President Obama wants to be an agent of change - and whenever any organization (be it public or private sector) is in the midst of a transformational period, it makes sense to infuse that organization with new blood. That's not just because a leader from outside the traditional ranks brings fresh perspectives and new insights; it's also because of what the choice of an outsider says to the organization's stakeholders.
Consider the recent selection of former Dupont CEO and banking-outsider Chad Holliday, Jr. as Bank of America's new board Chairman. That move - which comes fresh on the heels of naming Brian Moynihan, a well-entrenched insider, as the bank's new CEO - sent messages that many financial institutions are trying to articulate these days: that a new day has dawned, that business as usual is a thing of the past, and that a bright and exciting future lies ahead.

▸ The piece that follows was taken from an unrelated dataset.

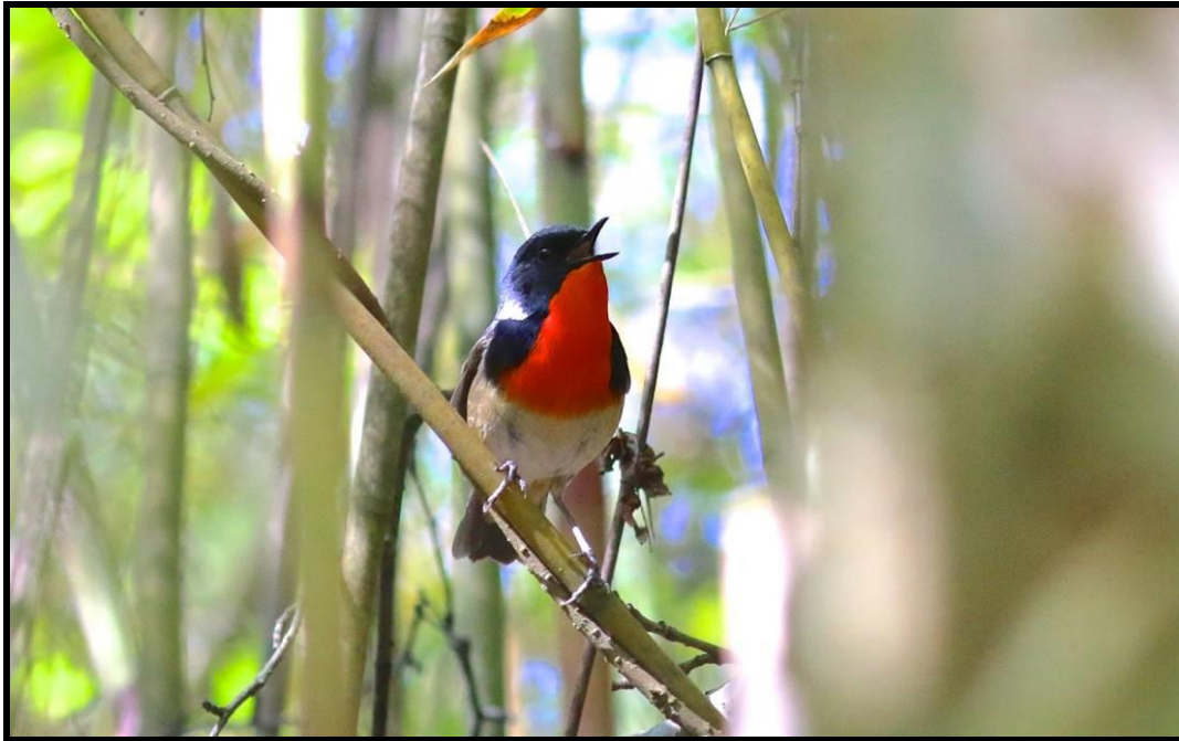
One of the most highly sought-after and beautiful birds in the world, we will have a good opportunity to find Firethroat while in the Longcanggou area (photo Summer Wong).

The forests themselves hold some amazing birds and we could find Red-headed Trogon , Great Barbet , Speckled Piculet , White-backed Woodpecker , Darjeeling Woodpecker , Great Spotted Woodpecker , Crimson-breasted Woodpecker , Bay Woodpecker , and Grey-headed Woodpecker . Open areas in the woodlands could hold Tiger Shrike , Brown Shrike , Long-tailed Shrike , Grey-backed Shrike , and Eurasian Hoopoe . Corvids, tits, and flycatchers are well represented, with five, ten, and 14 species possible respectively, as are leaf warblers, with at least 22 species available! Emei Leaf Warbler , Kloss's Leaf Warbler , and Sichuan Leaf Warbler being the top picks.

In nominating appellate court outsider Elena Kagan, President Obama is essentially sending the same message; that we as a people have embarked on an era where sound judgment supersedes holding the title of "judge" when it comes to serving on the highest court in our land.
Of course, good judgment is a subjective quality - and any Senator that might disagree with Solicitor General Kagan's views will likely leverage any perceived lack of experience (the key vulnerability of an "outsider") into a powerful talking point during the confirmation process.
Many Americans see the Supreme Court as a stabilizing force in our Democracy and don't want judges legislating from the bench. If those opposed to her nomination can succeed in painting Ms. Kagan as unprepared for the tremendous responsibility she may soon assume, then the president's choice of a nominee without the traditional pedigree may turn out to be politically costly.